**Assignment:** When you return the data, keep every line exactly as it is and leave out the pictures.

**Source data:**
+ + +

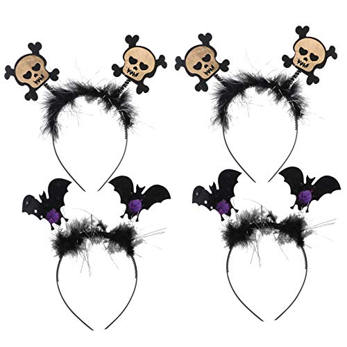 FRCOLOR 4 Pezzi Halloween Pipistrello Ala Fascia Cappello Costumi Teschio Copricapo Cerchietto per Capelli Accessori per Feste per Donne Ragazze Cosplay Party Photo Booth (Nero)
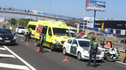 El policía perseguía con su moto a un vehículo cargado de hachís al que le había dado dado el alto. Los agentes han detenido esta tarde a dos de los sospechosos
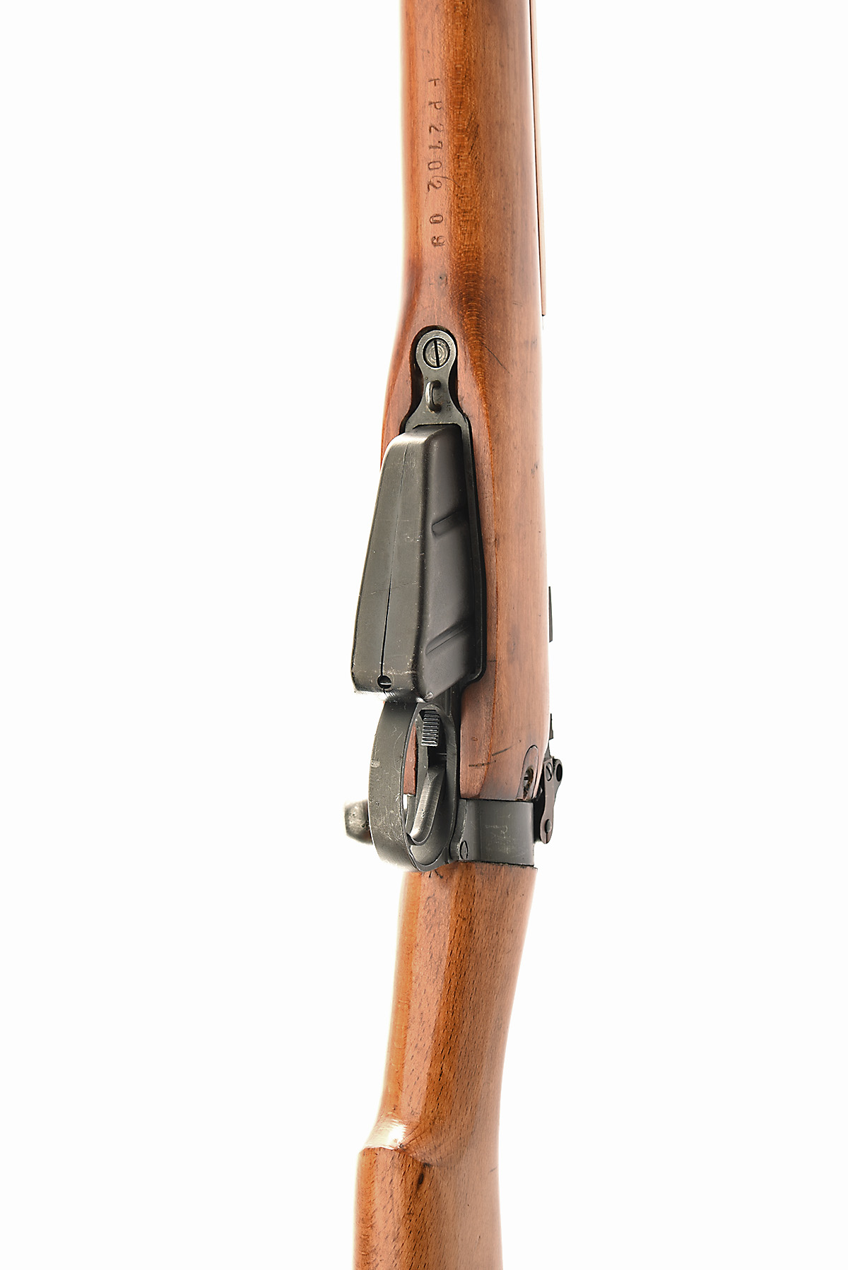 ENFIELD .303 'No 4 MK2(F)' BOLT-MAGAZINE SERVICE RIFLE, serial no. PF270209, circa 1953, 25in. nitro barrel, ramp-mounted fore-sight, folding rear battle-sight, manual safety, detachable box magazine, full-length stock, brass butt-plate with trap door, sling swivels

+ + +

**Result:**
 FRCOLOR 4 Pezzi Halloween Pipistrello Ala Fascia Cappello Costumi Teschio Copricapo Cerchietto per Capelli Accessori per Feste per Donne Ragazze Cosplay Party Photo Booth (Nero)
 El policía perseguía con su moto a un vehículo cargado de hachís al que le había dado dado el alto. Los agentes han detenido esta tarde a dos de los sospechosos
 ENFIELD .303 'No 4 MK2(F)' BOLT-MAGAZINE SERVICE RIFLE, serial no. PF270209, circa 1953, 25in. nitro barrel, ramp-mounted fore-sight, folding rear battle-sight, manual safety, detachable box magazine, full-length stock, brass butt-plate with trap door, sling swivels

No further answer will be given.